# Deer euro



## huntingful (Jun 11, 2014)

I just finished this for my sister.


----------



## sam4836 (Dec 16, 2005)

Sweet. Did you darken the antlers or is that natural. Now she owes you a kidney or lung.


----------



## huntingful (Jun 11, 2014)

sam4836 said:


> Sweet. Did you darken the antlers or is that natural. Now she owes you a kidney or lung.

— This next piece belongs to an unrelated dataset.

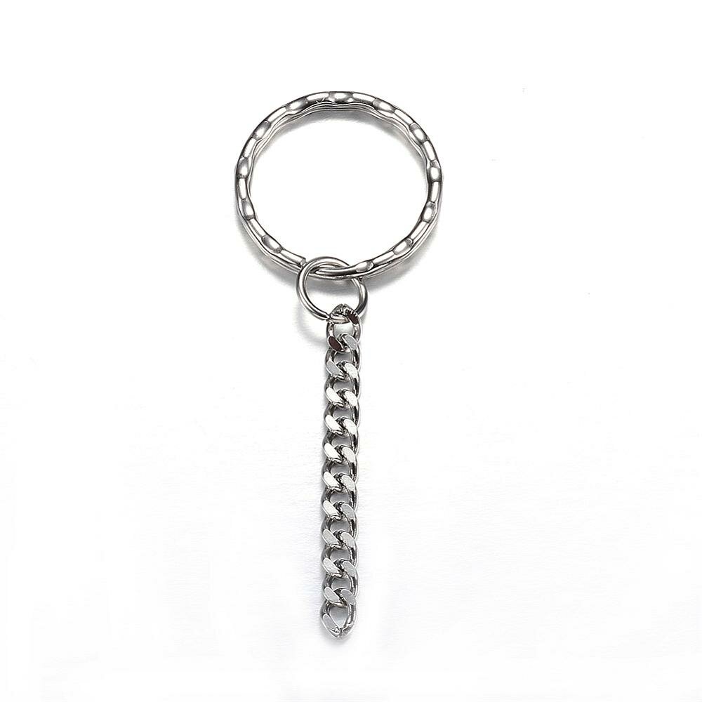 Основа под брелок, 47х25мм, кольцо двойное, с цепочкой, базовый материал - железо, серебристого цвета, около 21 грамм
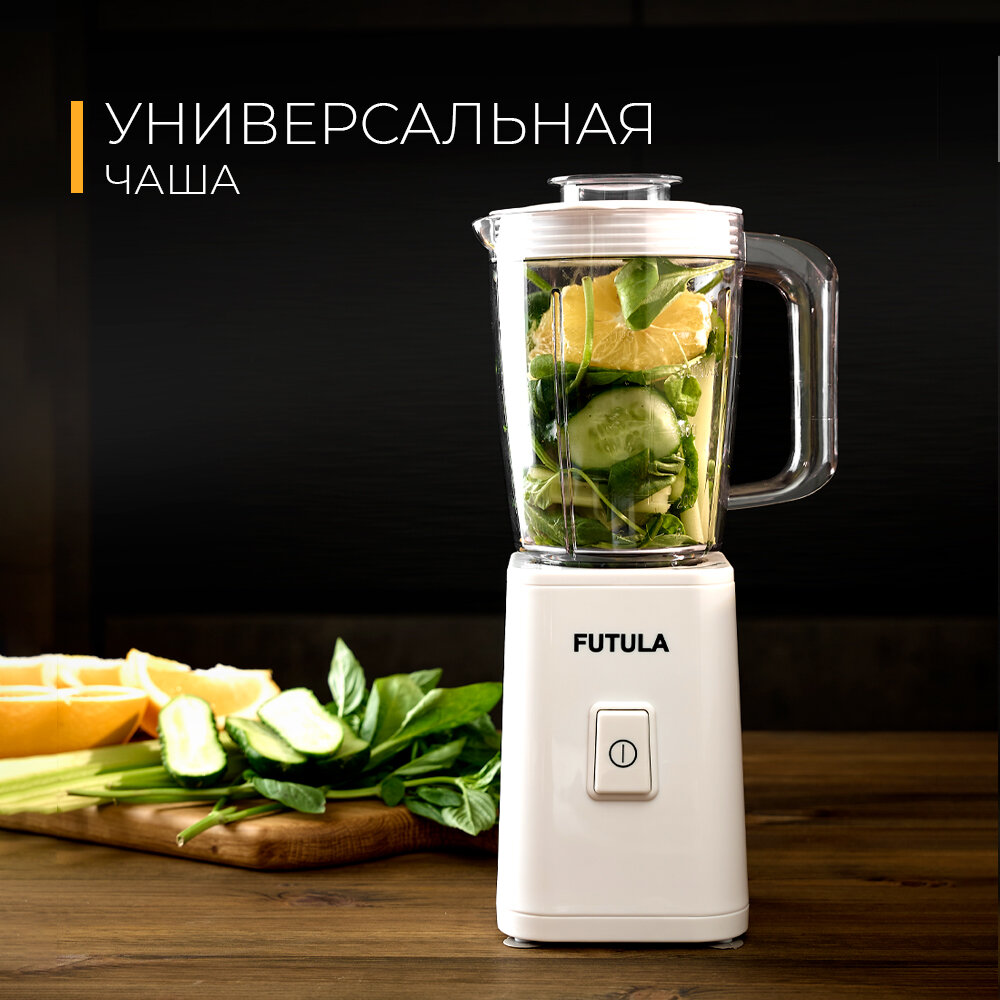 Блендер стационарный Futula HB4 белый, мощность 500 Вт, объем 800 мл, с бутылкой шейкером интересное:

 That's pretty funny. They were pretty dark to begin with. I usually use a golden oak stain to go over them if they need it. I think in this case they look so much better dark.


----------



## BP1992 (Dec 24, 2010)

Looks good


----------



## CaptainCole (Oct 16, 2018)

Nice!


----------



## EXTRMEOUTDOORS (Nov 6, 2018)

looks great


----------



## pcpcow911 (Nov 23, 2018)

Nice job! I never knew what "they" put on the antlers for the darkened look. I like that better than natural.


----------



## eddiethehunter (Oct 14, 2007)

Looks great!


----------



## 45freezer (Jun 9, 2018)

Super cool mount, the bolt is a nice touch...made a mount for my bear rug last month and mounted the arrow on that one as well, I think it really adds to the story!


----------



## ballenbrowning (Jan 1, 2017)

Nice


----------



## blinn (Jun 21, 2015)

Looks good.


----------



## Brunswick (Jan 20, 2019)

Very nice!


----------



## RamDaytona (Jan 29, 2019)

I like it


----------



## Y.Pan (May 13, 2018)

That's nice design


----------



## Edcoleman83 (Jan 16, 2019)

Looks great! did you use the boil down and bleach method?


----------



## Yoder8 (Nov 30, 2018)

looks good


----------



## rmck15 (Dec 3, 2008)

Nice


----------



## Bth340 (Jul 19, 2019)

Cool euro


----------



## moosewhisperer1 (Dec 30, 2018)

nice looking euro


----------